In fact, after August 5th only five newspapers in Indian-administered Kashmir were allowed to publish their stories due to restrictions imposed by the Indian government. Moreover, with the phone lines and internet services suspended there was no way for the editors of the  active newspaper to get any outside news in. Indian Kashmir has a grand total of 180 newspapers in both English and Urdu manned by Kashmiri journalists who are accustomed to writing and working under curfews – several Kashmiri journalist have later in expressed what a frustration it has been to be unable to report on the biggest event of their generation and on a subject they are so familiar with; unease within Kashmir.

The unease indeed continued as on October 16th, 2019, Indian security forces killed three separatists in a gun battle.
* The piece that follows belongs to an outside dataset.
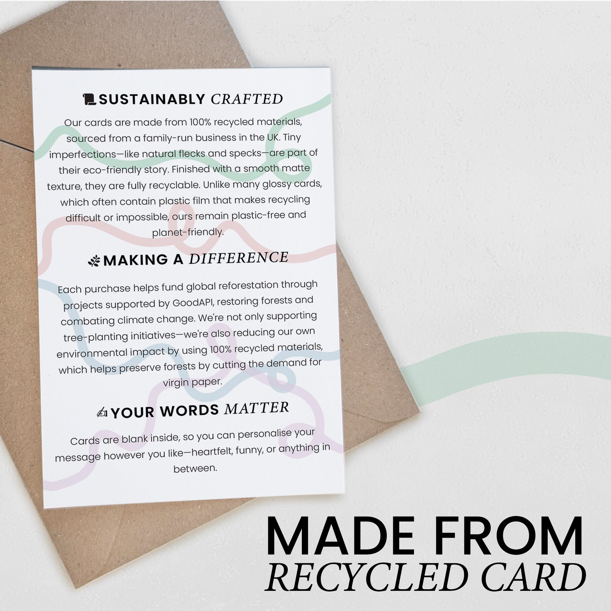 Sustainable and Stylish: Embrace sustainability with our 100% recycled 300gsm card stock. Each card may feature unique specks or dots, celebrating the beauty of recycled materials. These are not defects but rather signatures of eco-conscious craftsmanship.

The Indian soldiers received a tip-off saying the three separatists were hiding in a Kashmiri village.  The police said that “three terrorists were killed and the bodies retrieved from the site of the encounter”, but also that they found “incriminating material, including arms and ammunition”.

In also recent, but separate incidents, firstly a migrant worker was killed execution style while walking along a railway track in Kakapora, and secondly one fruit vendor was killed, another seriously injured, when gunmen fired at them in the Shopian district of South Kashmir.

The future of Kashmir is uncertain. With Article 370 revoked the people of Kashmir no longer see a reason to put up with the treatment of the Indian government and more and more inhabitants are vocally calling for a secession. Pakistan is eager to condemn India’s actions and PM Imran Khan is already vowing protection and justice for the people of Indian Kashmir – but is it out of the goodness of his heart, or is Khan seeing an opportunity to seize control of a region that has eluded Pakistan for decades? There are many questions that remain unanswered in this conflict, with so many possible outcomes, that we will have to wait and remain vigilant while the future of Kashmir is being negotiated.